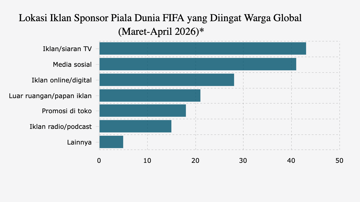 Menurut survei YouGov, iklan sponsor Piala Dunia yang paling banyak diingat warga global adalah iklan yang muncul di televisi.
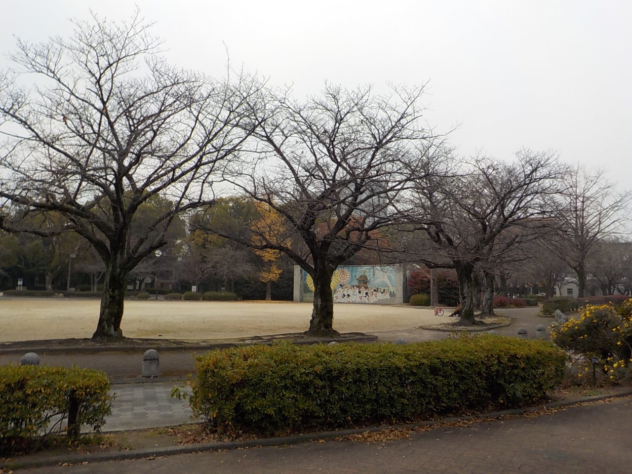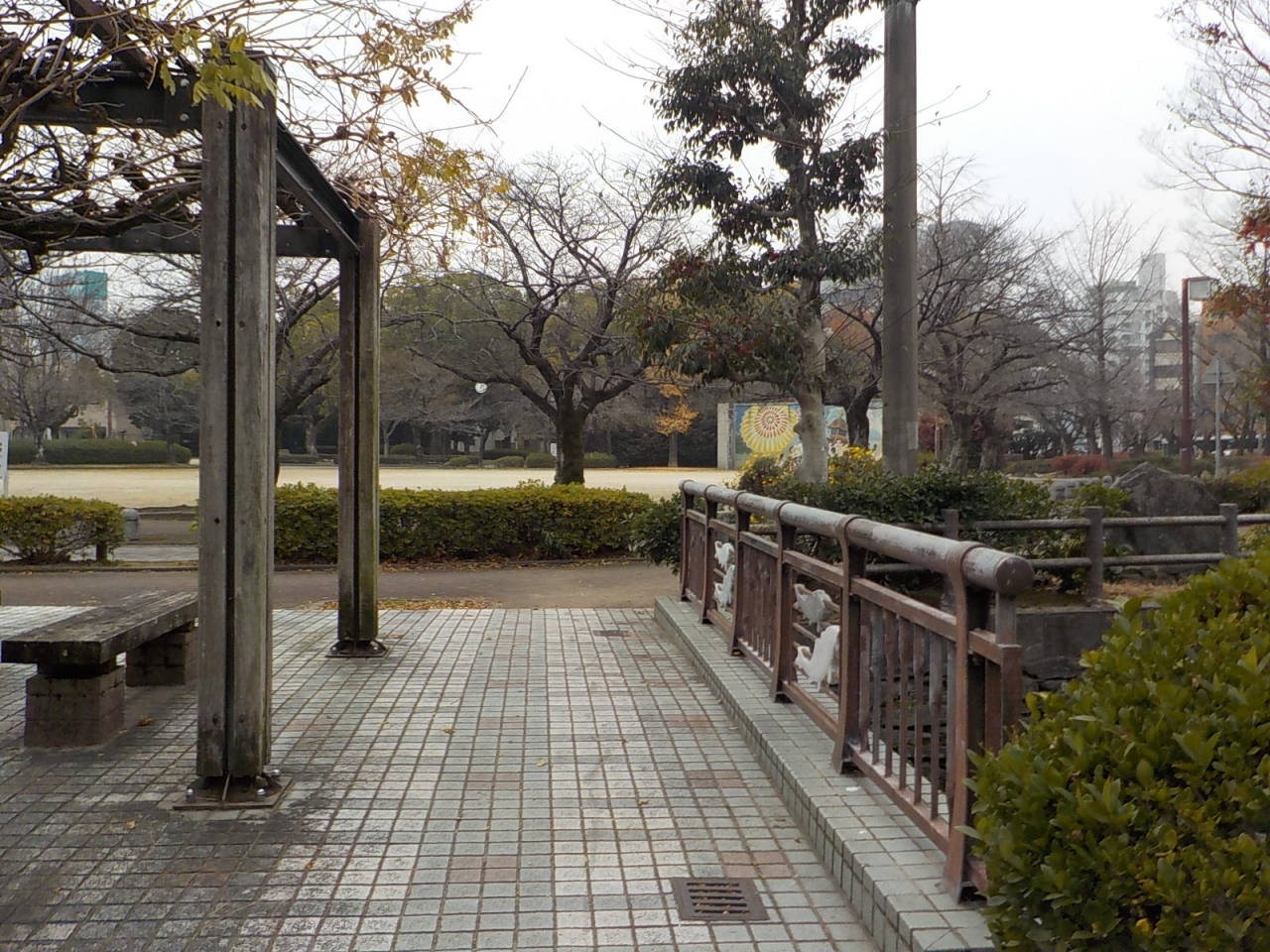久留米市役所の南側に池野川というあまり大きくない川が流れています。この川を少し上っていくと三本松公園があります。公園の一角に「久留米水の祭典」の様子をタイルを使って描いた絵がありますが、それ以外はあまり特色のない普通の市民公園です。ただこの公園はアクセスが便利なので、桜の花がライトアップされる時期には多くの人で賑わいます。
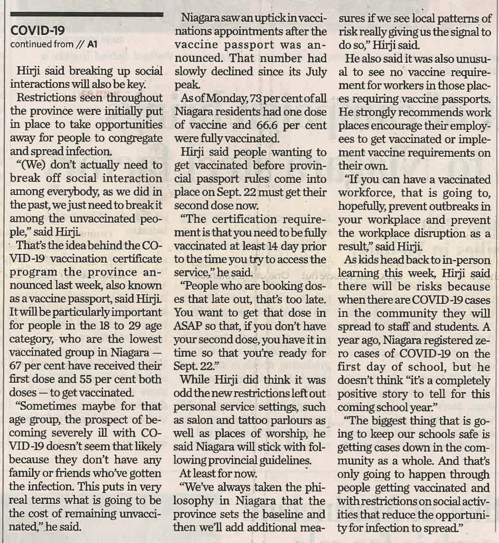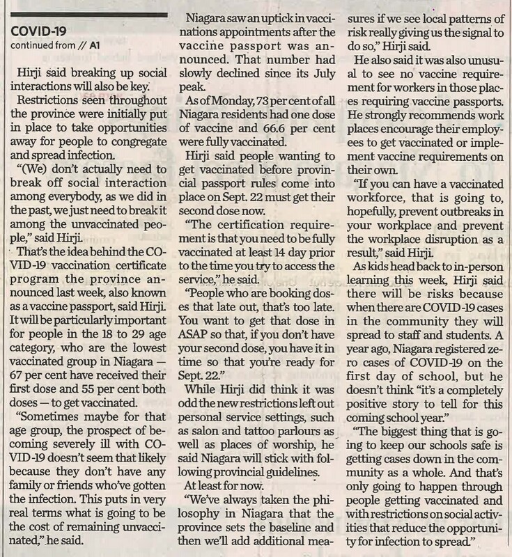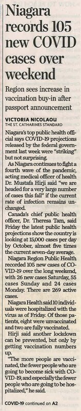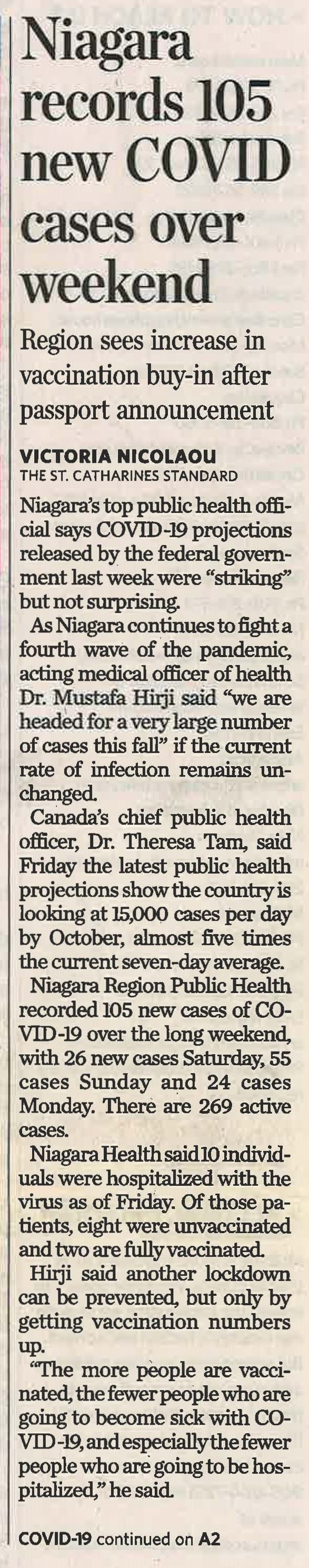 - Niagara records 105 new COVID cases over weekend : Region sees increase in vaccination buy-in after passport announcement
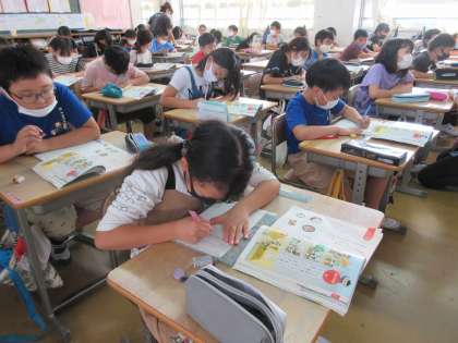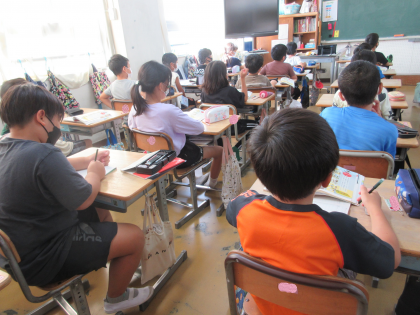 国語の教科書にある「漢字の広場」を学習しています。めあては「想像したことも加え、学校の様子を文章に書くことができる」です。想像することが楽しい学習です。どんな文章ができるのでしょう。
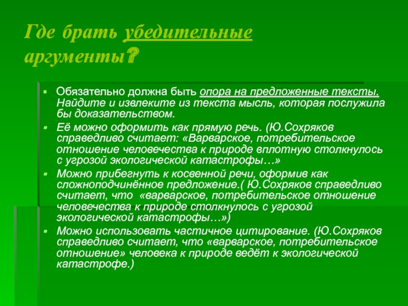 Тогда свою работу можно начать с формулировки тезиса: например, «В предложенной статье автором поднимается очень важная проблема – потребительское отношение человека к природе. Действительно…»
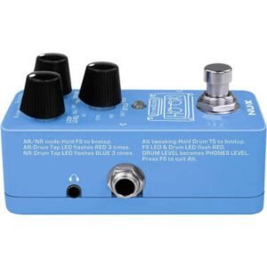 The Nu-X Hook Drum & Loop pedal, aka NDL-3, is a very good small footprint mini-pedal with an integrated beat-sensing drum machine that can add quite a lot to your looping experience. What this does is detect the tempo you play into your first loop recording. It then can add a drum pattern at an appropriate tempo to your project. Alternatively you can use a tap tempo button to input a tempo, then start your drum pattern to play along to. Also available is Auto-record, which will allow you to arm the pedal for recording, but it will wait for you to start playing before automatically starting the loop record. To set the pedal to Auto-record, you have to hold the pedal switch down while powering it up. The colour of the Drum Tap Indicator LED lights either Red or Blue to indicate whether you’ve started in Normal Recording or Auto Recording Mode. NDL-3 pedal offers 11 different Drum beat styles and rhythms for you to work with.
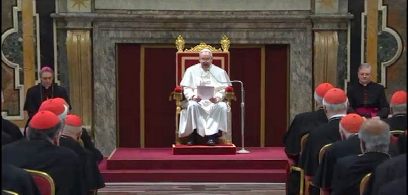 «In questi giorni abbiamo avvertito quasi sensibilmente l’affetto e la solidarietà della Chiesa universale, come anche l’attenzione di tante persone che, pur non condividendo la nostra fede, guardano con rispetto e ammirazione alla Chiesa e alla Santa Sede». Con queste parole Papa Francesco si è rivolto oggi a tutti i cardinali (elettori e non elettori) nell’incontro tenuto nella Sala Clementina del Palazzo apostolico.
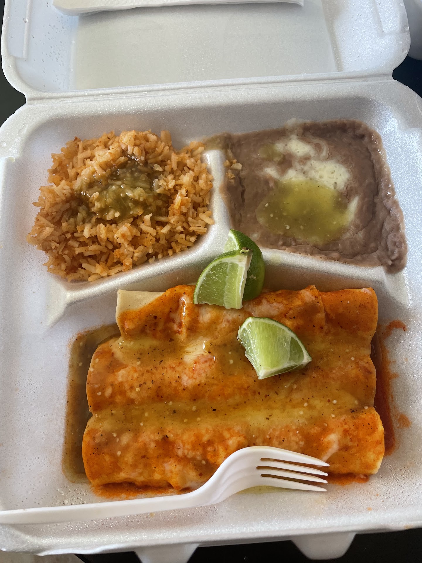 Read moreTACO GRANDE HAS the best enchiladas in the high desert I’ve tried other “Mexican “spots out here out here and they’re salty flavorless or the salsa does not taste Mexican authentic at all. I like to order the chicken one and they use the best pulled chicken I get them either red or green neither are Spicy and I ask for extra red salsa hot and green tomatillo salsa on the side and pour it on the enchiladas and my rice and beans!! Prices are great too I only order my enchiladas from here !! Super home made food and this is coming from a Mexican , even my son whos 2 has ate the enchilada combo with me he...
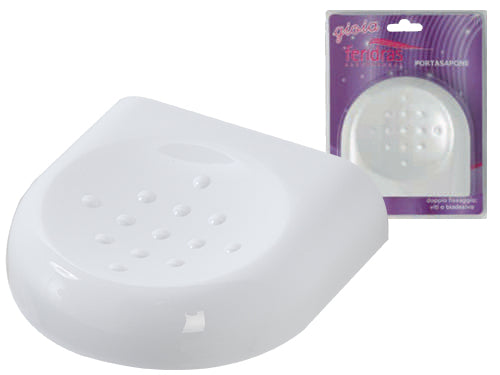 Portasapone in ABS bianco con doppio fissaggio tasselli o biadesivo.
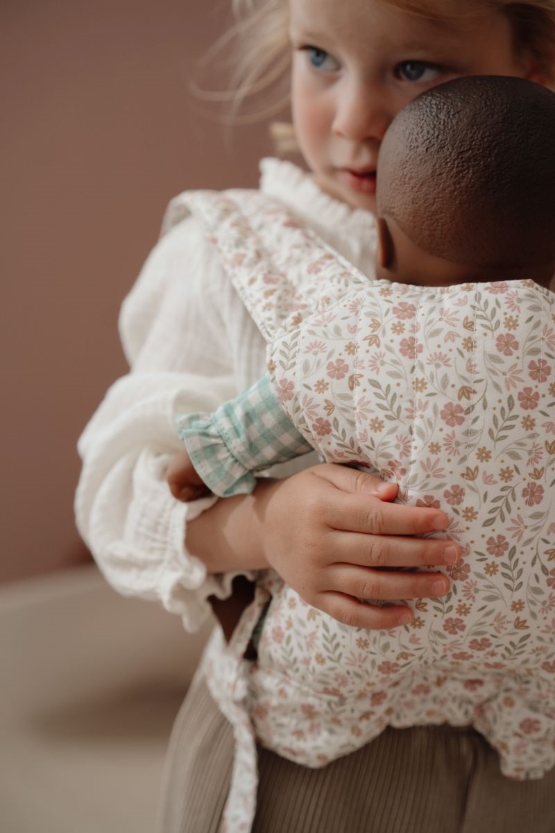Lad dit barn opleve glæden ved at bære sin yndlingsdukke i denne søde Little Dutch bæresele. Det robuste hoftebælte giver tryghed, mens de polstrede skulderstropper sikrer behagelig komfort under legen. Det bløde blomstermønster i pink og grønne nuancer skaber en eventyrlig stemning.
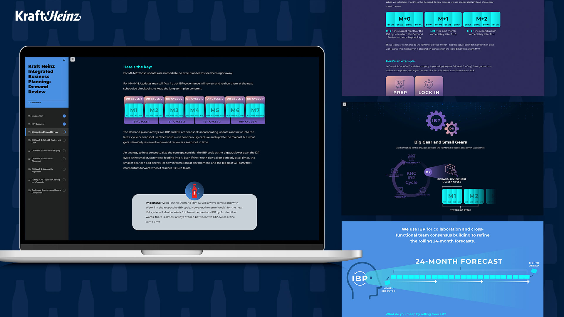 Partnering with Kraft Heinz, a 30-minute Rise eLearning course was built to help employees across all zones understand the Demand Review Process and how it fits into the bigger Integrated Business Planning picture. The course combines custom illustrations, branded visuals, and knowledge checks to make a company-wide rollout feel polished and engaging.

==========

REQUIRED ACTION: Every entry, exactly as written: transcribe it, passing over any pictures.

ANSWER:
 Menurut survei YouGov, iklan sponsor Piala Dunia yang paling banyak diingat warga global adalah iklan yang muncul di televisi.
久留米市役所の南側に池野川というあまり大きくない川が流れています。この川を少し上っていくと三本松公園があります。公園の一角に「久留米水の祭典」の様子をタイルを使って描いた絵がありますが、それ以外はあまり特色のない普通の市民公園です。ただこの公園はアクセスが便利なので、桜の花がライトアップされる時期には多くの人で賑わいます。
 - Niagara records 105 new COVID cases over weekend : Region sees increase in vaccination buy-in after passport announcement
 国語の教科書にある「漢字の広場」を学習しています。めあては「想像したことも加え、学校の様子を文章に書くことができる」です。想像することが楽しい学習です。どんな文章ができるのでしょう。
 Тогда свою работу можно начать с формулировки тезиса: например, «В предложенной статье автором поднимается очень важная проблема – потребительское отношение человека к природе. Действительно…»
 The Nu-X Hook Drum & Loop pedal, aka NDL-3, is a very good small footprint mini-pedal with an integrated beat-sensing drum machine that can add quite a lot to your looping experience. What this does is detect the tempo you play into your first loop recording. It then can add a drum pattern at an appropriate tempo to your project. Alternatively you can use a tap tempo button to input a tempo, then start your drum pattern to play along to. Also available is Auto-record, which will allow you to arm the pedal for recording, but it will wait for you to start playing before automatically starting the loop record. To set the pedal to Auto-record, you have to hold the pedal switch down while powering it up. The colour of the Drum Tap Indicator LED lights either Red or Blue to indicate whether you’ve started in Normal Recording or Auto Recording Mode. NDL-3 pedal offers 11 different Drum beat styles and rhythms for you to work with.
 «In questi giorni abbiamo avvertito quasi sensibilmente l’affetto e la solidarietà della Chiesa universale, come anche l’attenzione di tante persone che, pur non condividendo la nostra fede, guardano con rispetto e ammirazione alla Chiesa e alla Santa Sede». Con queste parole Papa Francesco si è rivolto oggi a tutti i cardinali (elettori e non elettori) nell’incontro tenuto nella Sala Clementina del Palazzo apostolico.
 Read moreTACO GRANDE HAS the best enchiladas in the high desert I’ve tried other “Mexican “spots out here out here and they’re salty flavorless or the salsa does not taste Mexican authentic at all. I like to order the chicken one and they use the best pulled chicken I get them either red or green neither are Spicy and I ask for extra red salsa hot and green tomatillo salsa on the side and pour it on the enchiladas and my rice and beans!! Prices are great too I only order my enchiladas from here !! Super home made food and this is coming from a Mexican , even my son whos 2 has ate the enchilada combo with me he...
 Portasapone in ABS bianco con doppio fissaggio tasselli o biadesivo.
Lad dit barn opleve glæden ved at bære sin yndlingsdukke i denne søde Little Dutch bæresele. Det robuste hoftebælte giver tryghed, mens de polstrede skulderstropper sikrer behagelig komfort under legen. Det bløde blomstermønster i pink og grønne nuancer skaber en eventyrlig stemning.
 Partnering with Kraft Heinz, a 30-minute Rise eLearning course was built to help employees across all zones understand the Demand Review Process and how it fits into the bigger Integrated Business Planning picture. The course combines custom illustrations, branded visuals, and knowledge checks to make a company-wide rollout feel polished and engaging.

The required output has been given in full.